Should universities stop teaching students how to do things which are likely to be offloaded to artificial intelligence? Photo: Johannes Simon
Should universities stop teaching students how to do things which are likely to be offloaded to artificial intelligence? Photo: Johannes Simon

It’s pretty amazing to play with the flurry of new generative AI tools readily available online. Want a summary of any topic under the sun? Done. What to compare apples and oranges? Easy. Want an analysis of a lengthy, complex report? Click-Click-Boom!

If I was a university student I would be quickly getting my head around the power of these tools and how they can help me in my study.

If I were a university educator, I’d be thinking carefully about what learning and assessment activities I am asking students to engage in, and how I can harness generative AI tools in the classroom. I would also cast back to the introduction of the calculator in maths education and how it changed the ways teachers taught and how students engaged in learning.

With the rise of generative AI tools and their adoption in education, our university students will clearly need to develop new skills in using these tools effectively and in generative AI “prompting”.

As “prompt engineers” students will need to become adept in creating and refining requests of generative AI tools to deliver useful results.

But as the generative AI tsunami continues to wash over us, it is worth pausing to consider how the use of these tools might undermine students’ learning processes and outcomes, even if they become sophisticated prompt engineers.

The fancy term used to describe students’ use of external tools in their learning is cognitive offloading. Like the maths calculator, this idea has been around for decades and it basically means getting something else to support your thinking or do the thinking for you.

For any given educational task, students’ cognitive offloading to generative AI tools may be significant in both quantity and quality and may, therefore, represent a significant omission from current or ‘established’ learning processes.

If our current processes of learning are significantly disrupted by cognitive offloading to generative AI tools, students’ development of learning skills on the one hand, and their understanding of the concepts being taught on the other, may very well be diminished.

If students get generative AI to ‘do more of the work’ of generating, sifting, comparing, and compiling ideas and material, this may undermine their development of skills educators refer to as ‘learning’ or ‘study’ skills. These skills are, of course, not restricted to when students are studying, they are essential skills for a life of work and learning.
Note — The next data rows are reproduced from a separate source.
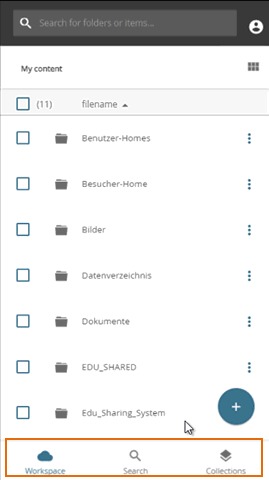 Die edu-sharing App bietet alle Ansichten des edu-sharing Systems - angepasst für mobile Endgeräte:
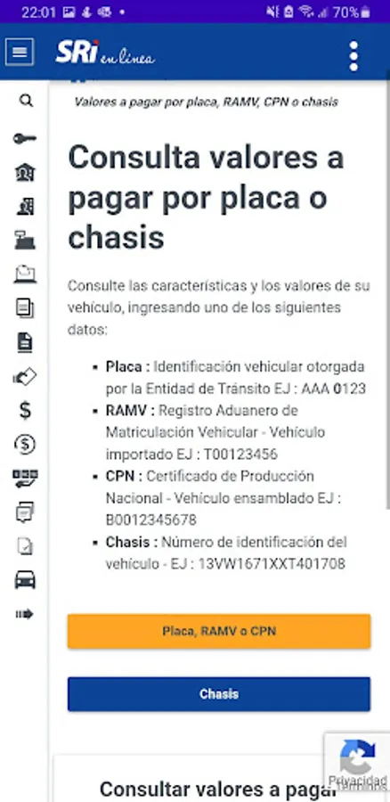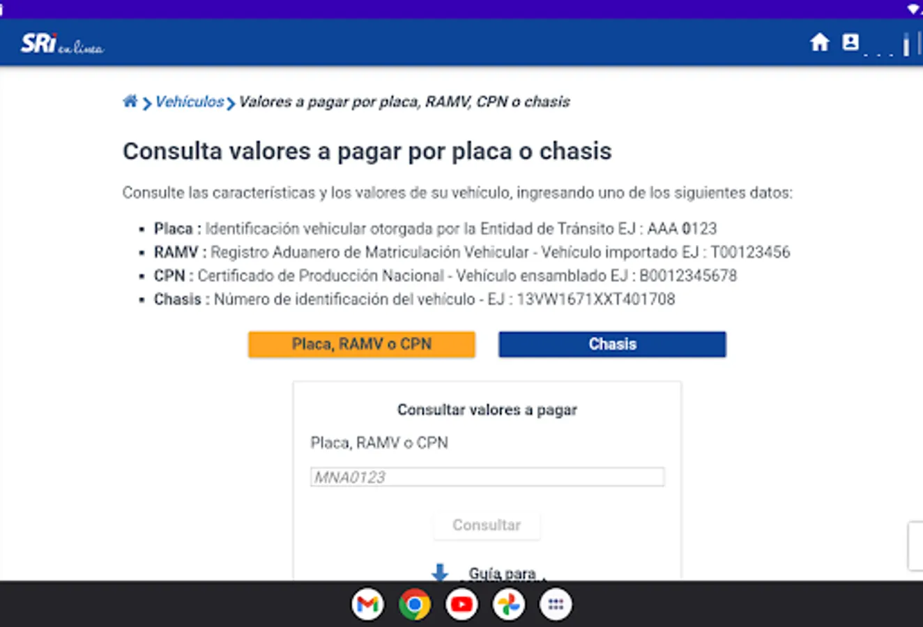 The application can display important details such as make, model, year, chassis number, engine number, fuel type, registration date, last technical review date, ticket history, and any other relevant data that is available in the database. data from the appropriate traffic department or government agency.
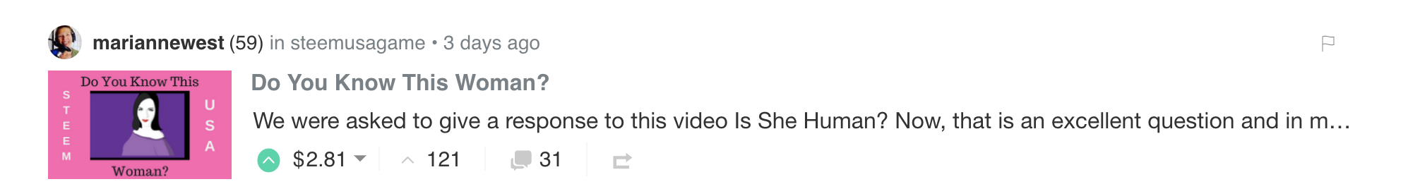 Oh thank you!! Steemusa is an amazing group of people. You are all so supportive, wonderful and I have recently learned how fun everyone is! Congrats to @mineopoly and @mariannewest. I really enjoyed reading their post :)
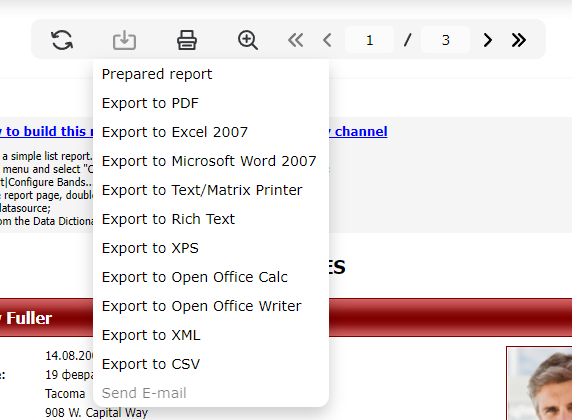 この後、WebReport.Toolbar.Exports.ShowEmailExport オプションをアクティブにすると、ユーザーが電子メールでレポートを送信できるようになります。
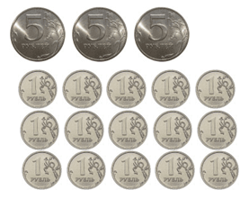 5. Какими одинаковыми монетами можно набрать 15 р.? 8 р.? 10 р.? Решение запиши умножением.
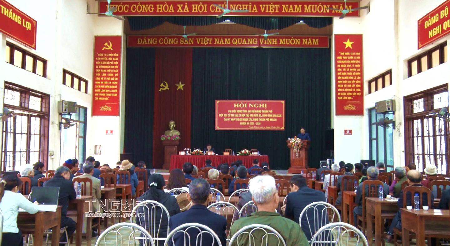 Thực hiện kế hoạch tiếp xúc cử tri sau kỳ họp thường lệ cuối năm 2024, sáng 19/12, đồng chí Nguyễn Thanh Bình, Phó Chủ tịch UBND tỉnh và các đại biểu HĐND tỉnh khóa XIV, đại biểu HĐND TP. Thái Nguyên khóa XIX đã tiếp xúc cử tri phường Hương Sơn, TP. Thái Nguyên.
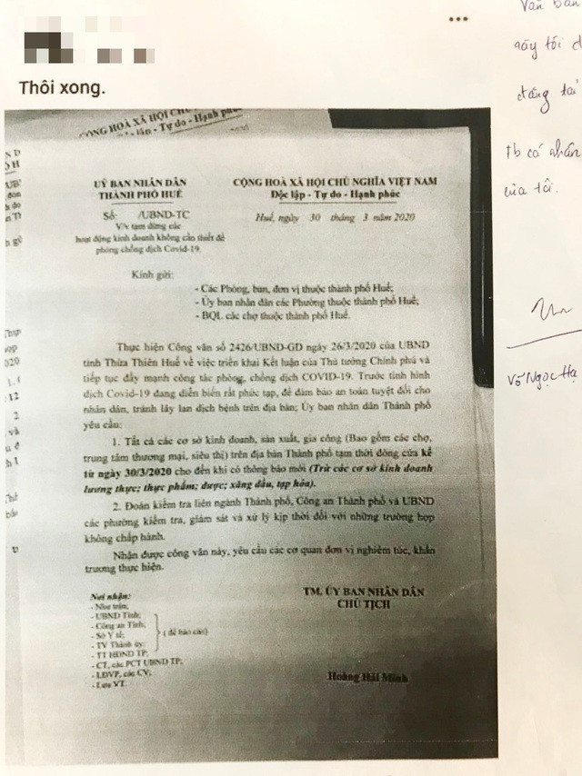 Trước đó, vào ngày 30/3, ông Trương Đình Hạnh, Phó Chủ tịch UBND TP Huế, phát văn bản về việc thông tin không đúng sự thật trên mạng xã hội. Theo đó, cũng trong ngày này, trên một số trang Facebook và nhóm chat đã đăng hình ảnh công văn ở dạng dự thảo ngày 30/3/2020 của UBND TP Huế về việc dừng các hoạt động không cần thiết (trong đó có việc đóng cửa chợ-PV) để phòng chống dịch COVID-19. Văn bản này được chia sẻ nhanh chóng trên cộng đồng mạng gây hoang mang dư luận.

Students’ active, cognitive engagement in processes such as ‘compare and contrast’, ‘analyse’, and ‘summarise’, and their regular and deliberate practice of these as part of learning, is intrinsic to their development of these skills over time.
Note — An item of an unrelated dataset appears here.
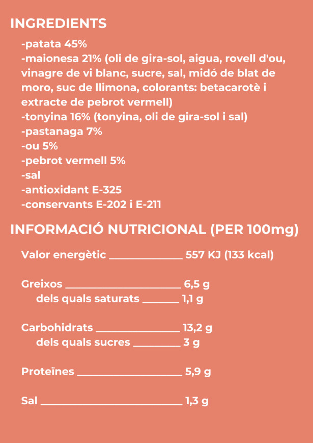 L’etiqueta analitzada correspon a una ensalada russa comercialitzada per una gran cadena de supermercats. El producte conté, sobretot, patata i maionesa amb una proporció d’un 45% i 21% respectivament. Quant als ingredients de la maionesa, cal destacar que l’oli de gira-sol —habitualment utilitzat per abaratir costos— no és el millor dels olis pel seu potencial efecte proinflamatori. A més, s’hi afegeix sucre i midó, ingredients del tot innecessaris en una maionesa tradicional, així com colorants que no aporten cap benefici nutricional. Per tant, es tracta d’una maionesa altament processada, amb una qualitat grassa escassa i amb afegits que redueixen notablement el valor nutricional del producte. Pel que fa al contingut proteic, el principal contribuent és la tonyina, ja que l’ou té una presència molt baixa, amb un contingut de només un 5%. També cal destacar que l’única verdura present és el pebrot vermell i la pastanaga, també en quantitats força reduïdes.
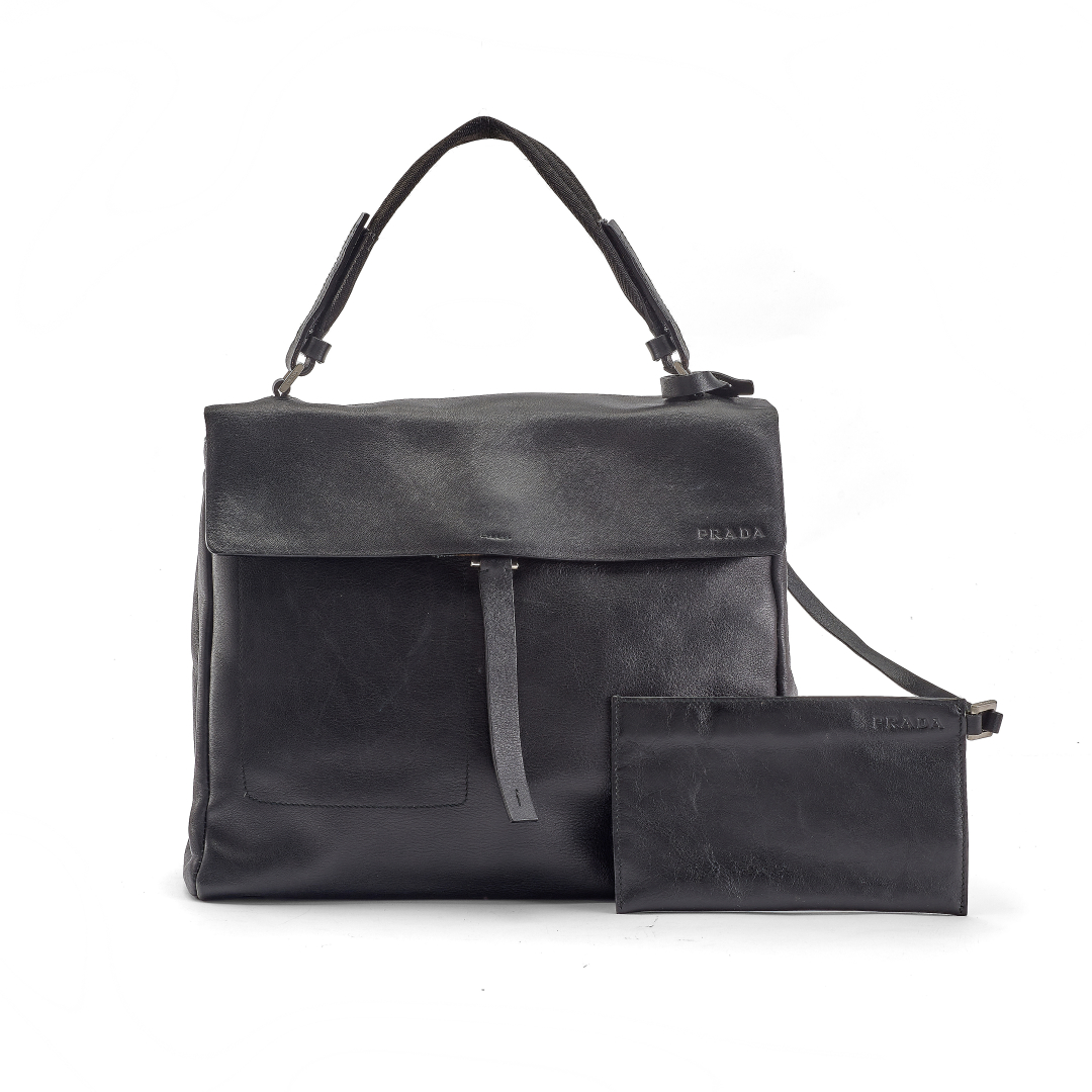 black leather with cotton and technical honeycomb fabric details. Matching honeycomb-textured black interior. Detachable cotton handle with leather details. Flap closure with magnet and velcro fastening. Comes with detachable black leather pouch secured with velcro. One rear drawstring pocket. Silver-tone metal hardware.

These learning processes are also very important to students’ learning outcomes; their deep understanding of discipline-based ideas, concepts and principles.

By not offloading and doing the work themselves, students engage in cognitive strategies such as organisation, elaboration and self-regulation that allow them – demand of them really – to think through the material they are studying, leading to a richer understanding of it. This often takes time and is sometimes challenging. Genuinely learning something new is rarely effortless; it is effortful.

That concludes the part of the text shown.